Afghanistan Executive Office questions the recent report of United Nations (UN) on increase of Afghan civilian casualties that hit a high record in 2015.

Spokesman of Executive Officer was said to consider the recent report of UN is not precise; citing the report should has been fully identified and searched.

Ahmad Jawid Faisal, spokesman for executive office claims that the report is not credible due to unknown causes of Afghan civilian causalities.

“Obviously, it is questioning, when the United Nations does not have any information about 17 percent of civilian causalities causes,” said Ahmad Jawid Faisal, spokesman of Executive Office.

Meanwhile, the Executive Office’s press office believes that the armed Taliban group was the main responsible for the most Afghan civilian causalities.

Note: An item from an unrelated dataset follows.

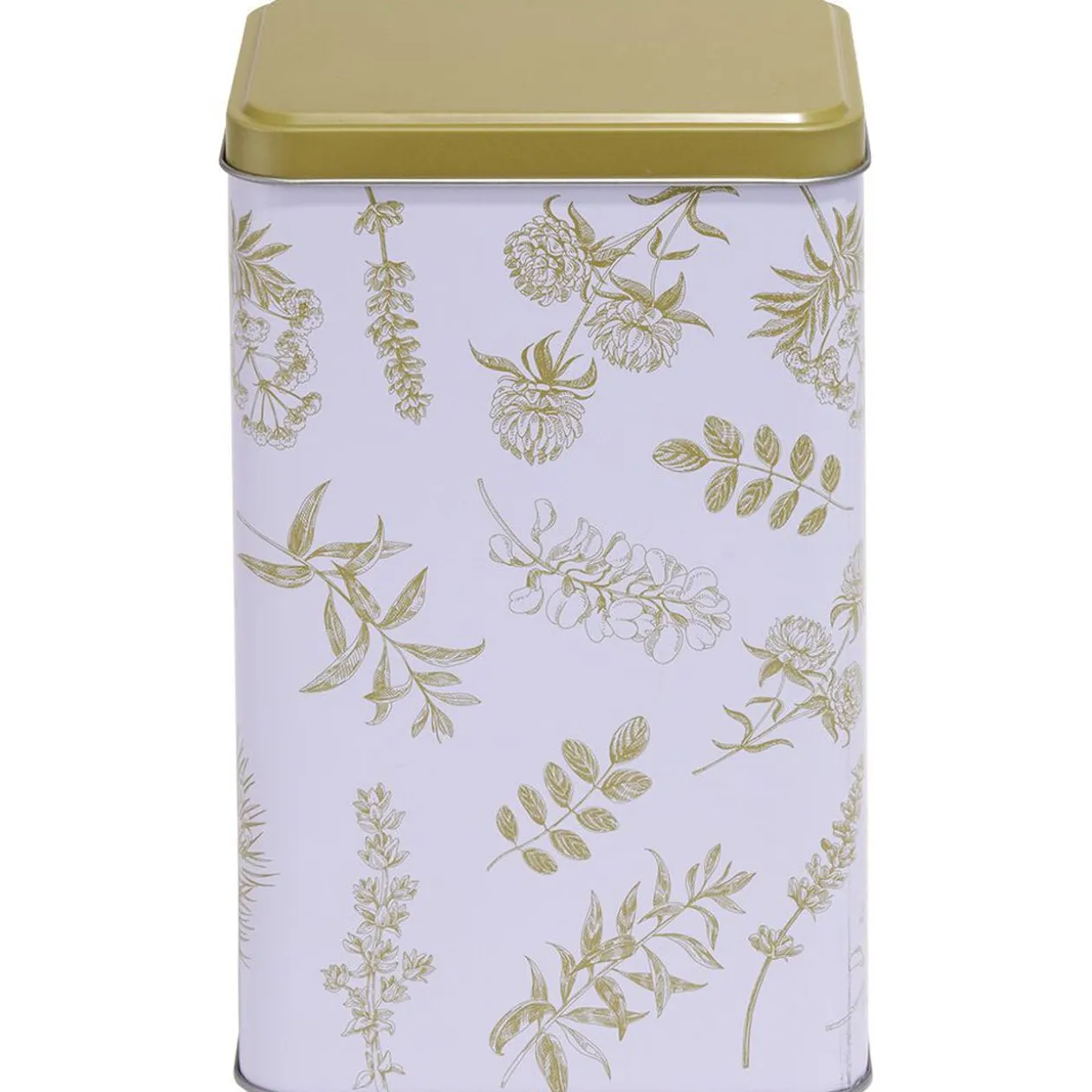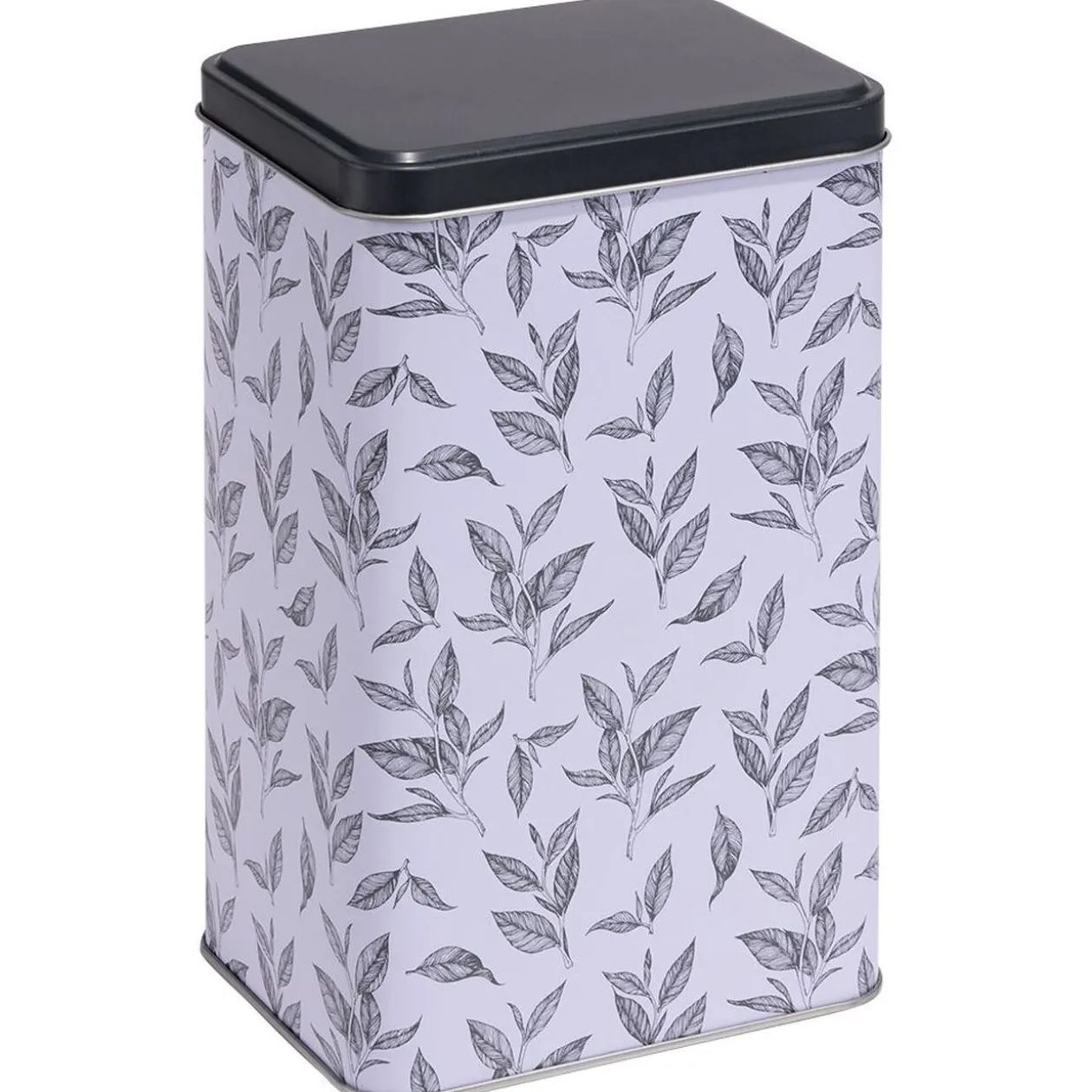 Boîte en métal blanc avec imprimé feuillage de couleur assorti au couvercle.

“According to the information of the Afghan government, the armed Taliban group had the most attacks against civilians in the past year,” added Faisal.

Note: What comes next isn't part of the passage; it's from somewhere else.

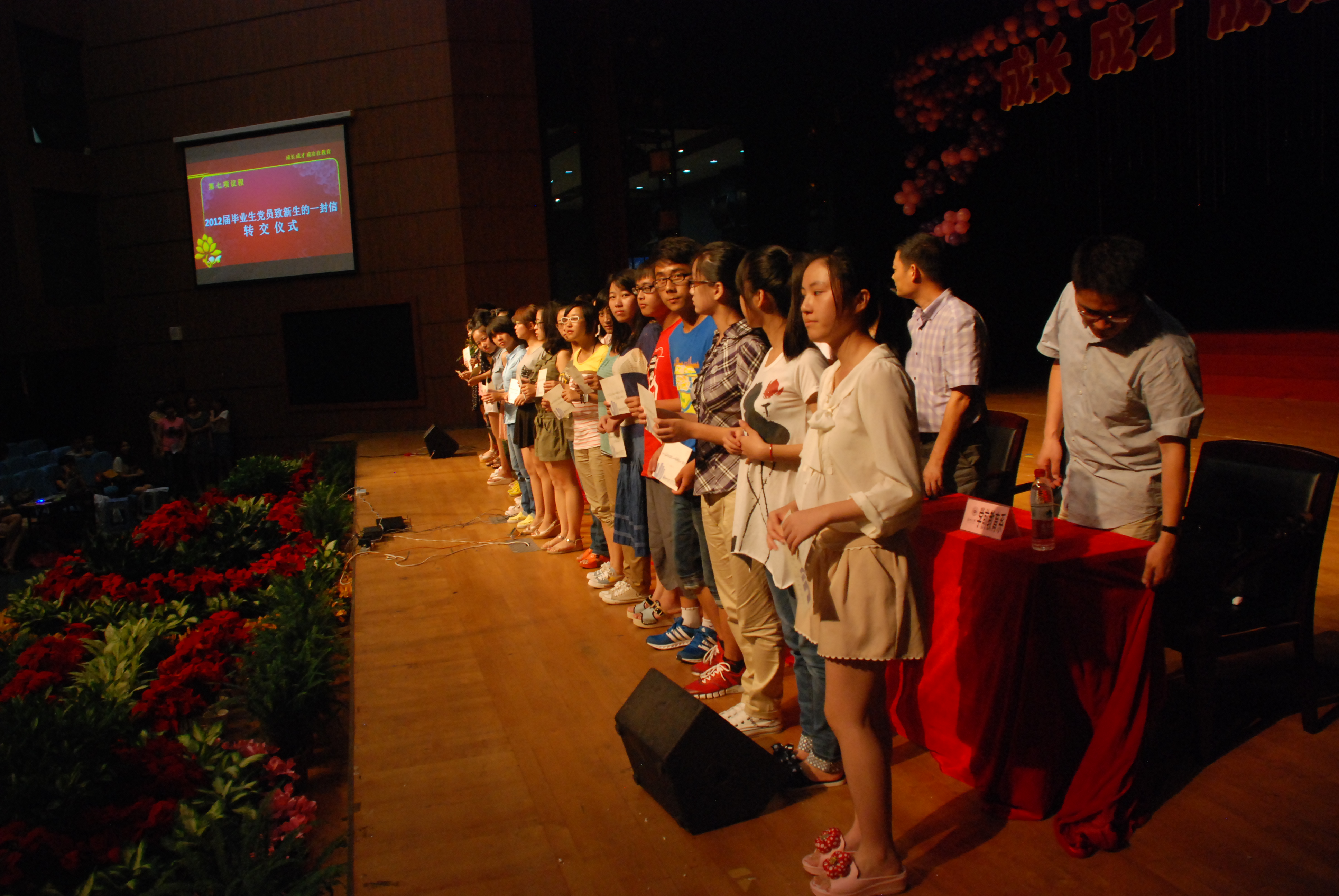 她的发言是她写给新生的信中的内容。今年,2012届毕业生党员用他们亲身的经历和经验,从学习、工作、生活、就业等各个方面引导新生们规划好大学生活,并以信件的形式写给2012级新生,100名党员100封信。2012届毕业生党员将他们的关爱传递给新生。为了方便给新生同学答疑解惑,毕业生们在信中留下了自己的联系方式。22名新生代表上台参加了信件转交仪式。仪式虽然非常简短,但是承载了学姐学长们对于新同学的祝福,传承了我院的“以老带新,和谐教育”的优良传统。

Taliban suicide attacks and a fierce battle for the northern city of Kunduz made 2015 the worst year for Afghan civilian casualties since the United Nations began tracking the data.

The United Nations documented 3,545 civilians killed and 7,457 injured last year, the United Nations Assistance Mission in Afghanistan and the United Nations Human Rights Office said in a report presented at a news conference in Kabul, the Afghan capital. The total casualty figure, 11,002, was 4 percent above the 2014 level. The number of civilian injuries rose 9 percent, though there were 4 percent fewer deaths.

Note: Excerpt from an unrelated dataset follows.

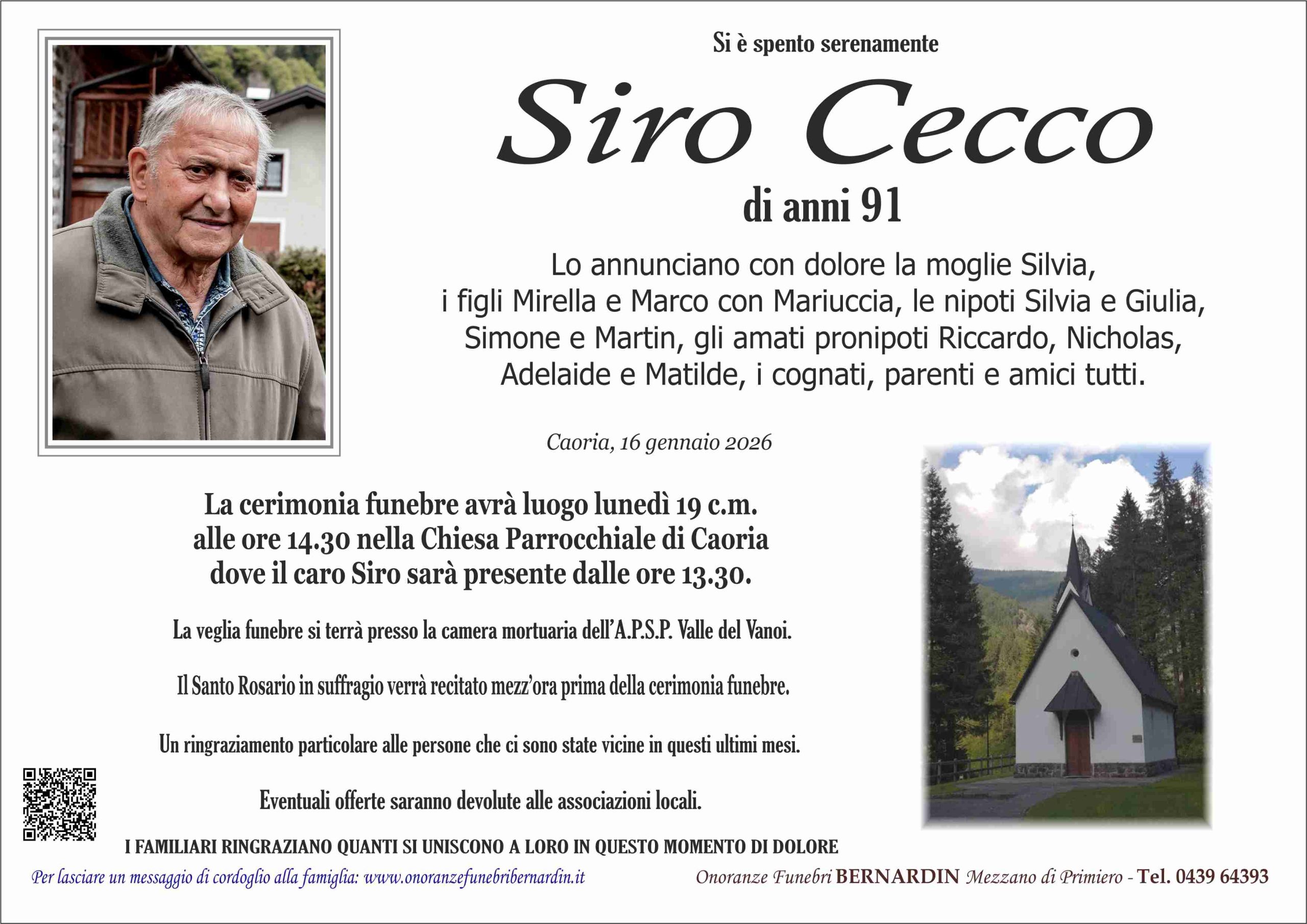 La cerimonia funebre avrà luogo lunedì 19 c.m. alle ore 14.30 nella Chiesa Parrocchiale di Caoria dove il caro Siro sarà presente dalle ore 13.30.

Battles between insurgents and Afghan government forces or their affiliated militias produced the largest number of civilian deaths and injuries, the United Nations found, followed by improvised explosive devices.

Suicide attacks and “complex attacks” — in which Taliban attackers detonate explosives, then send in gunmen on suicide missions — also contributed to civilian casualties, as did “targeted and deliberate killings” on both sides of the conflict.

About one-quarter of all the civilian dead and wounded were children and about a tenth were women.